To learn how protocols and layering are represented in packets.
Maximum Score: 50 points
Requirements
Wireshark: This lab uses the Wireshark
software tool to capture and examine a packet trace. A packet trace is a record
of traffic at a location on the network, as if a snapshot was taken of all the
bits that passed across a particular wire. The packet trace records a
timestamp for each packet, along with the bits that make up the packet, from
the lower-layer headers to the higher-layer contents. Wireshark runs on most
operating systems, including Windows, Mac and Linux. It provides a graphical UI
that shows the sequence of packets and the meaning of the bits when interpreted
as protocol headers and data. It color-codes packets by their type, and has
various ways to filter and analyze packets to let you investigate the behavior
of network protocols. Wireshark is widely used to troubleshoot networks. You
can download it from www.wireshark.org if it is not already installed on your
computer.
Running Wireshark requires root privileges. On your
own machine, that shouldn't be a problem. For use on attu and
the lab Linux workstations, there is a special installation of Wireshark at /usr/sbin/wireshark that doesn't
require root, but limits you to examining log files (rather than capturing live
data from the network). (Note: Do
NOT just issue the command 'wireshark' on CSE machines. That will launch a
version that will fail (on an insufficient privileges problem). Instead, give
the full pathname to the correct version, /usr/sbin/wireshark .)
Launch Wireshark from the
command line. Select "Open" on the screen that appears to open the
log file.
wget / curl: This lab uses wget
(Linux and Windows) and curl (Mac) to fetch web
resources. wget and curl
are command-line programs that let you fetch a URL. Unlike a web browser, which
fetches and executes entire pages, wget and curl
give you control over exactly which URLs you fetch and when you fetch them. Under
Linux, wget can be installed via your package
manager. Under Windows, wget is available as a binary;
look for download information on http://www.gnu.org/software/wget/. Under
Mac, curl comes installed with the OS. Both have many
options (try wget --help or curl
--help to see) but a URL can be fetched simply with wget
URL or curl URL .
Both curl and wget are installed on attu.
Trace File is here
Step 1(Optional): Capture a Trace
This part teaches you to
capture a network trace using wireshark. The graded assignment, however, will
ask you to use the given trace. Thus, you may skip this if you want.

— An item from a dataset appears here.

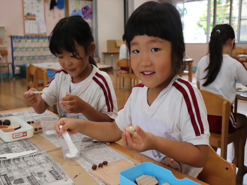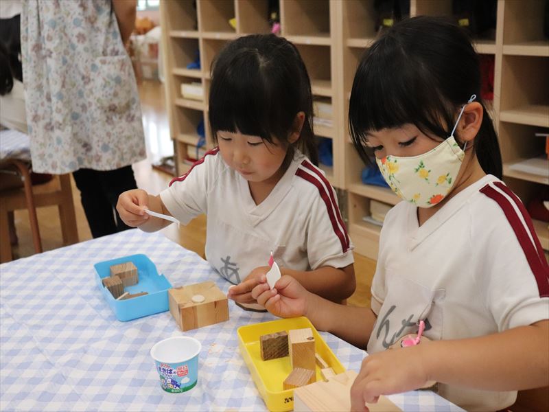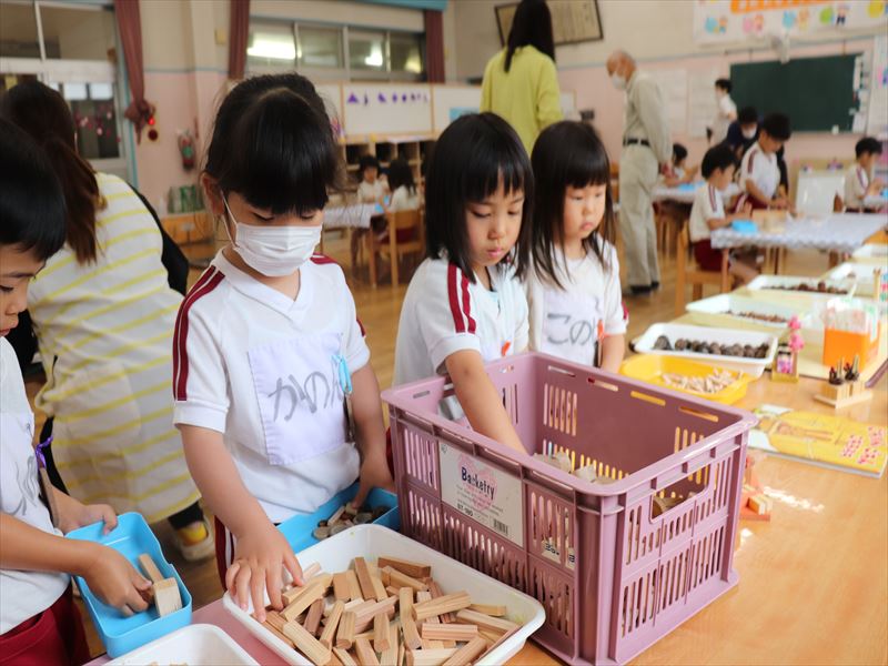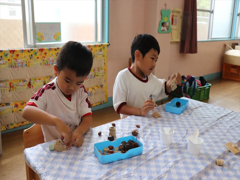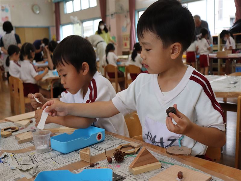 | 年長さんは今日は2回目の木育活動です。 | ||

We want this trace to look
at the protocol structure of packets. A simple Web fetch of a URL from a server
of your choice to your computer, which is the client, will serve as traffic.
Pick a URL and fetch it with wget
or curl. For example,
wget http://www.cs.washington.edu
or curl http://www.cs.washington.edu.
This will fetch the resource and either write it to a file (wget) or to the screen (curl). You are checking to see that
the fetch works and retrieves some content. A successful example is shown below
(with added highlighting) for wget.
You want a single response with status code 200 OK. If the fetch does
not work then try a different URL; if no URLs seem to work then debug your use
of wget/curl or your Internet connectivity.
Figure 1: Using wget
to fetch a URL
Close
unnecessary browser tabs and windows. By minimizing browser activity you
will stop your computer from fetching unnecessary web content, and avoid
incidental traffic in the trace.
3. Launch
Wireshark and start a capture with a filter of tcp
port 80 and check enable network name resolution. This
filter will record only standard web traffic and not other kinds of packets
that your computer may send. The checking will translate the addresses of the
computers sending and receiving packets into names, which should help you to
recognize whether the packets are going to or from your computer. Your capture
window should be similar to the one pictured below, other than our highlighting.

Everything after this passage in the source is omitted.